O Brasil enfrenta uma agitação social em ebulição. Uma crise institucional gera entropia em um sistema social já estressado, repleto de desigualdade, aumentando a pobreza e levando a um número crescente de mortes pelo coronavírus.

Alguns dias atrás, apesar de outra contagem diária de mortes em massa, o país parou para assistir à filmagem de uma reunião ministerial de 22 de abril. A liberação do vídeo foi ordenada pelo STF, em uma investigação sobre uma suposta interferência de Bolsonaro na Polícia Federal para proteger um de seus filhos, atualmente sob investigação.

O vídeo ofende nossas sensibilidades democráticas e é amargo para qualquer gosto cívico.
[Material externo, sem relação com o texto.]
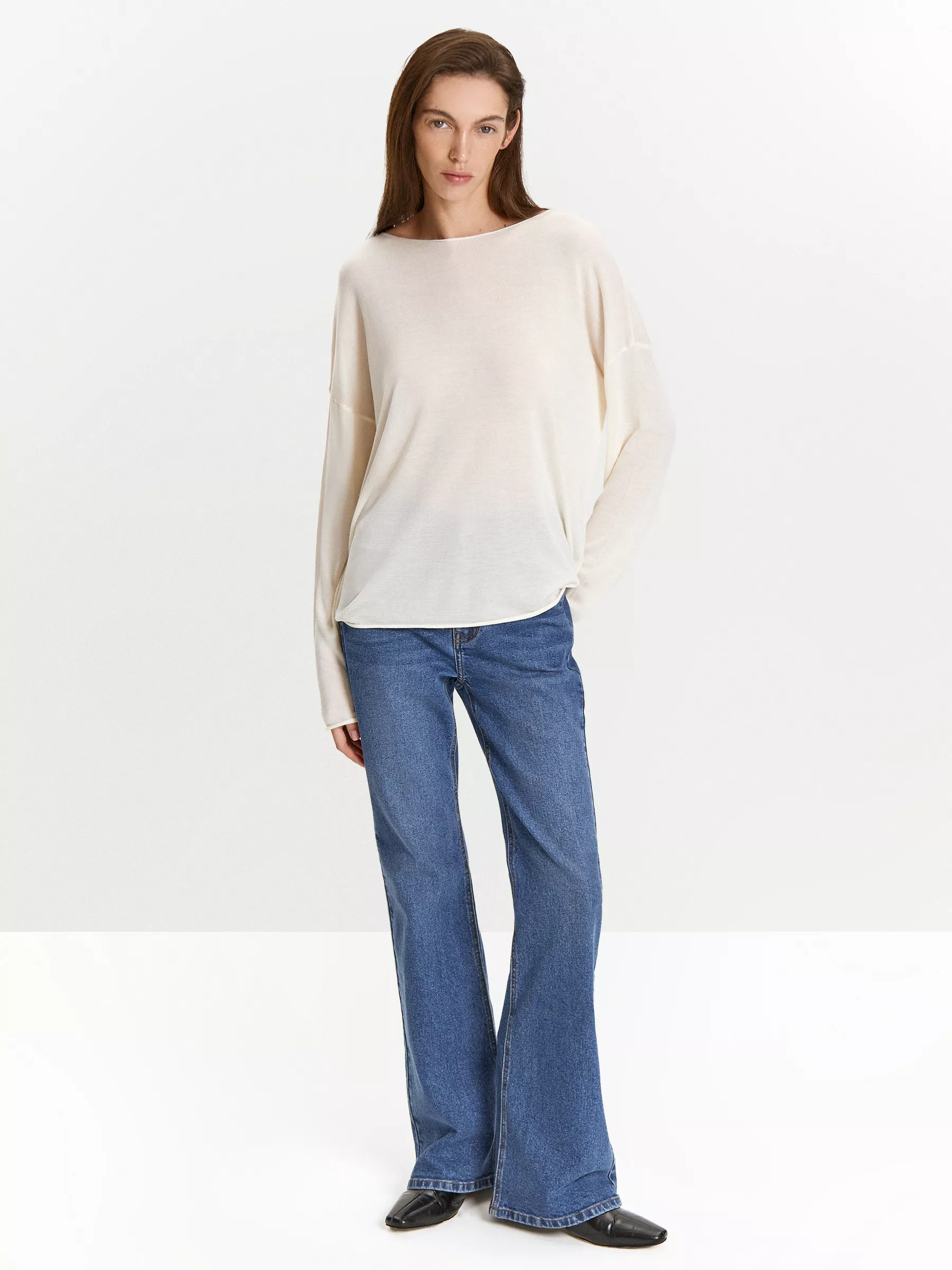 Деликатная прозрачность джемпера и необработанный край, свободная посадка, удлинённые рукава создают ощущение лёгкости. Оно особенно ценно в зимнем гардеробе. А элегантный фасон с вырезом-лодочкой делает вещь универсальной.

Nada foi discutido sobre a pandemia. A necropolítica é a seiva vital de um governo que prioriza a importação de armas em meio à crise funerária que se vem na esteira da crise sanitária. Mas eu gostaria de salientar uma única intervenção na reunião que fala do aprisionamento do país em sua própria versão do neoliberalismo do tipo “quanto pior melhor” (‘fail-forward’ neoliberalism). Ele revela um governo fixado em desmantelar qualquer parte da regulamentação do Estado e privatizar qualquer empresa estatal disponível.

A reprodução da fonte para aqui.